Zynga Acquires November Software To Focus On “Mid-Core” Gaming
Zynga Inc. (Nasdaq: ZNGA) has acquired November Software LLC and its development team as part of its renewed focus on so-called midcore gaming. Zynga

Struggling social-game developer Zynga Inc. (Nasdaq: ZNGA) has acquired November Software LLC and its development team to work in-house on a so-called midcore mobile game called “Battlestone.”

Zynga announced the news Friday through a company blog post, which was written by November Software co-founder Szymon Swistun.
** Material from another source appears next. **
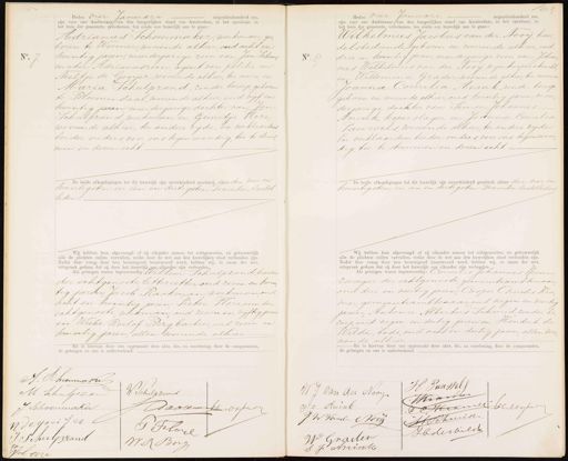 No. 7 Heden vier Januari negentienhonderd zes zijn voor ons Ambtenaar/ van den burgerlijken stand van Amsterdam, in het openbaar, in het huis der gemeente, Verschenen, ten einde een huwelijk aan te gaan: Adrianus Schoenmaker, werkman, ge„ boren te Wormer wonende alhier oud acht en twintig jaren, meerderjarige zoon van Jan Schoen„ maker Adrianuszoon, agent van politie en Aeeltje de Gooijer, wonende alhier, ter eenre, en Maria Schulpzand, zonder beroep, geboren te Bloemendaal, wonende alhier, oud vijf en twintig jaren meerderjarige dochter van Jan Schulpzand werkman en Guurtje Plore, wonende alhier, ter andere zijde. on verklaarden beider ouders voor ons tegenwoordig toe te stem„ men in dezen echt- De beide afkondigingen tot dit buwelijk zijn onverbinderd geschied, alhier den vier en twintigsten en een en dertigsten December laatst„ leden.- Wij hebben hun afgevraagd of zij elkander nemen tot echtgenooten, en getrouwelijk alle de plichten zullen vervullen, welke door de wet aan den huwelijken staat verbonden zijn. Nadat deze vraag door hen bevestigend beantwoord werd, hebben wij, in naam der wet, uitspraak gedaan dat zij door het huwelijk aan elkander zijn verbonden. Als getuigen waren tegenwoordig: Willem Schulpzand, broeder der echtgenoote letterzetter oud zeven en twin tig jaren, Jacob Raakman werkman oud acht en twintig jaren, Pieter Flore oom der echtgenoote werkman oud zeven en vijftig jaren en Wiebe Roel of Bergbarbier, oud zeven en twintig jaren, allen wonende alhier. En is hiervan door ons opgemaakt deze akte, die, na voorlezing, door de comparanten, de getuigen en ons is onderteekend. No. 8 Heden vier Januari negentienhonderd zes, zijn voor ons Ambtenaar van den burgerlijken stand van Amsterdam, in het openbaar, in het huis der gemeente, verschenen, ten einde een huwelijk aan te gaan: Withelmus Jacobus van der Hooij han delsbediende geboren en wonende alhier, oud drie en twintig jaren, meerderjarige zoon van Johan nes Wilhelmus van der Nooij, winkoopersknecht en Willemina Grader, wonende alhier, ter eenreg Joanna Cornelia Anink, zonder beroep, geboren en wonende alhier, oud twintig jaren, min derjarige dochter van Simon Johannes Anink, koperslager en Joanna Cornelia Pauwels wonende alhier, ter andere zyde En verklaarden beider ouders voor ons tegenwoor dig toe te stemmen in dezen echt- De beide alkondigingen tot dit buwelijk zijn onverhinderd geschied, alhier den vier en twintigsten en een en dertigsten December laatstleden Wij hebben hun afgevraagd of zij elkander nemen tot echtgenooten, en getrouwelijk alle de plichten zullen vervullen, welke door de wet aan den huwelijken staat verbonden zijn Nadat deze vraag door hen bevestigend beantwoord werd, hebben wij, in naam der wet uitspraak gedaan dat zij door het huwelijk aan elkander zijn verbonden. als getuigen waren tegenwoordig: Cornelis Johannes Framer zwager der echtgenoote gemeente ambtenaar, oud drie en veertig jaren, Casper Cornelis Kra mer gemeenteambtenaar, oud negen en veertig jaren, Antonie Albertus Schmid zonder be roep, oud negen en dertig jaren en Hendrik de Wilde, bode, oud acht en dertig jaren, allen wo nen de alhier — En is hiervan door ons opgemaakt deze akte, die, na voorlezing, door de comparanten, de getuigen en ons is onderteekend. A. Schuemmake W Schulphand M Schulpzand J Schoenmaker JHaarenHnbogkende nde gooiter T Flere J Schulpzand W.R Berg G H PanWels WJ van der Nooy tkransen DKeame eroiher J C Snink H Schmnid J W Vande Noor Abdeskelde W Gradten S JAnink

While Swistun did not specify the terms of his company’s agreement with Zynga, he said his team has been working on “Battlestone” since joining Zynga several months ago.
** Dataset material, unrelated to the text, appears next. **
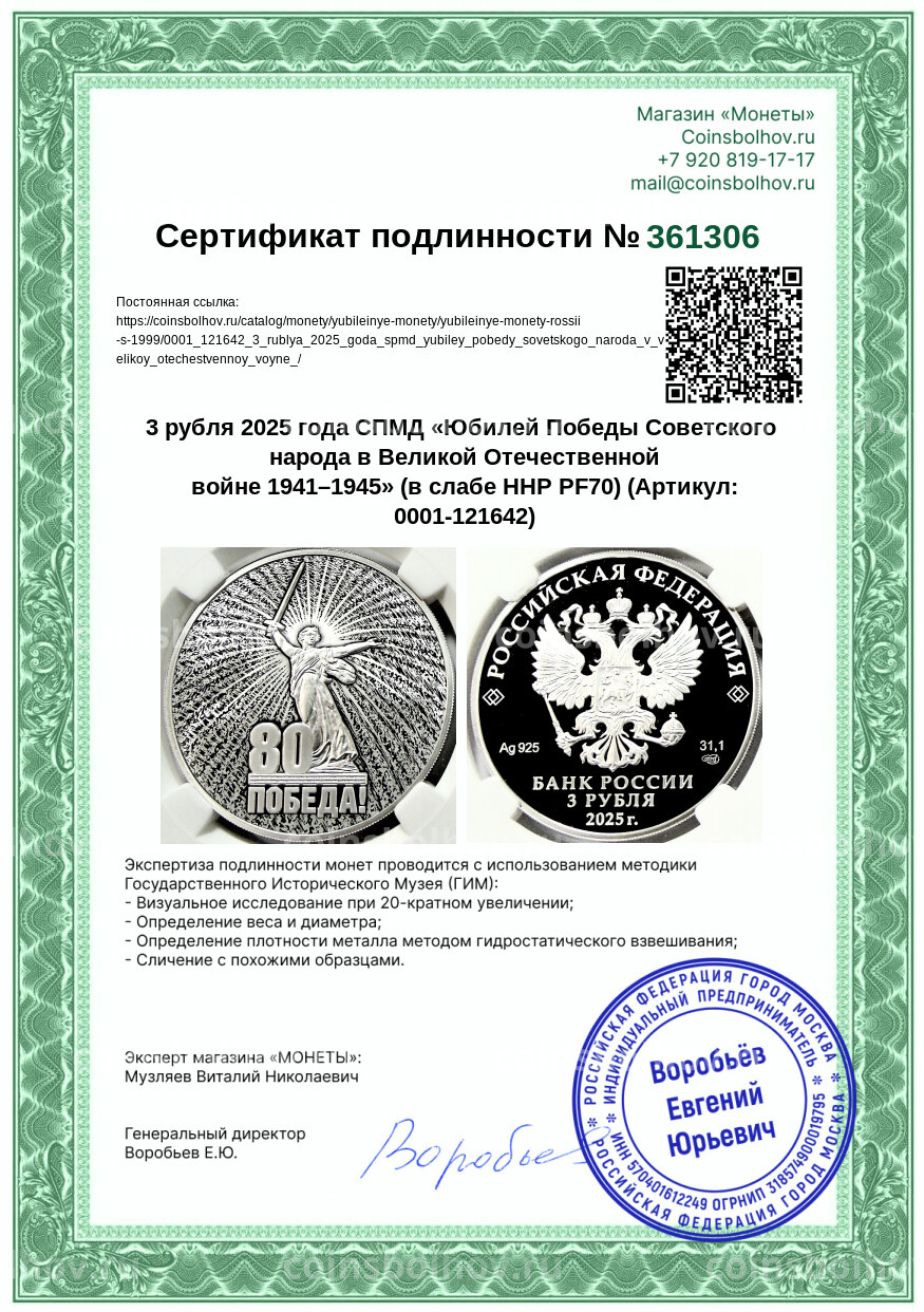 Монета 3 рубля 2025 года СПМД «Юбилей Победы Советского народа в Великой Отечественной войне 1941–1945» (в слабе ННР PF70)

“We realized we could accelerate game development by combining our team’s expertise building blockbuster console games and Zynga’s strength in building social games on a massive scale,” Swistun said in the blog post.

Swistun added he is working with the original development team for Zynga’s popular “Mafia Wars” to help learn “what makes midcore gaming truly fun and what it takes to build a social game at scale.”

Launched in 2009, “Mafia Wars” had more than 8 million monthly active users last year, according to a U.S. Securities and Exchange Commission filing by Zygna in July of that year. The comparable figure has since shrunk to 1.2 million on Facebook, according to the AppData count on Friday.

The midcore gaming market, although not yet clearly defined, rests between the market for hard-core console gamers who enjoy titles such as “Call of Duty: Black Ops 2” and the market for casual gamers who play “Angry Birds” or enjoy any of Zynga’s previous social games such as “FarmVille” or “Words with Friends.”

“Midcore is about games for people like me who used to be hardcore gamers but don’t have the time anymore,” Justin Cinicolo, the vice president of mobile at Zynga who oversees the November team, said in an interview with GamesBeat. “You can get a sense for depth and strategy in these games, but in five-minute chunks. I’d love to play 'Halo 4' with my buddies, but we just have no time.”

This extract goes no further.